OutOfMemoryError causes LAPIS to stop working without crashing #812

Closed chaoran-chen closed 1 month ago

chaoran-chen commented 3 months ago

I think that sometimes, LAPIS can get an OutOfMemoryError and stop working but the program doesn't crash so Docker won't restart it. We should ensure that LAPIS terminates with a non-zero exit if it enters a non-working state (or avoid ending up in such a state in the first place).

fengelniederhammer commented 2 months ago

How can we reproduce this issue? How did this come up? How did you discover it?

pflanze commented 2 months ago

A question is why the JVM can't allocate memory: we have swap now. Either it allocates a lot of unused virtual memory; or there are some memory limits configured (for the Docker container?). Given enough Swap and no memory limits, there will be no memory allocation errors, but instead the OOM killer will choose a program to kill when actual memory (RAM + swap) is used up.

fengelniederhammer commented 2 months ago

We can try to reproduce it by limiting the memory to a quite low value and sending a query that needs a lot of memory (details? mutations with min proportion 0?)

Analyze what happens and understand the issue.

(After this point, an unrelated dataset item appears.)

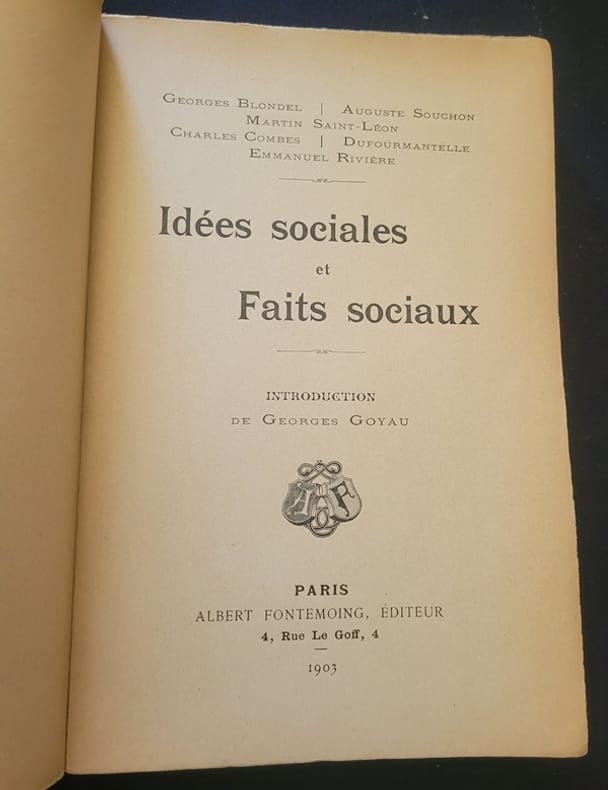 Paris Fontemoing 1903 In8 - broché - 228 pages - conférences données en 1902 par Georges Blondel / Auguste Souchon / Martin Saint Léon / Charles Combes / Dufourmantelle / Emmanuel Rivière .

Then think about action, ideal outcome: We never end up in a non-responsive state. Either LAPIS fully crashes (so that e.g. Kubernetes knows that it needs to be restarted), or it survives and simiply returns an error.

JonasKellerer commented 2 months ago

My findings so far: I started LAPIS and SILO with data from mpox (715 entries). For LAPIS I added the following jvm options: JVM_OPTS=-XX:+UseContainerSupport -XX:+UseG1GC -XX:MaxHeapFreeRatio=5 -XX:MinHeapFreeRatio=2 -XX:MaxGCPauseMillis=100 and added a resource limit of 230M for the docker container. I started SILO and its preprocessing without any extra options.

Then I ran:

curl -X 'GET' \                                                                                                                                                   130 ↵ ──(Do,Jun13)─┘
  'http://localhost:8090/sample/nucleotideMutations?minProportion=0.001&dataFormat=JSON&downloadAsFile=false' \
  -H 'accept: application/json'

Then the same with minProportion=0.002, no error. Still LAPIS responded, however the memory usage increased to approximately 229M.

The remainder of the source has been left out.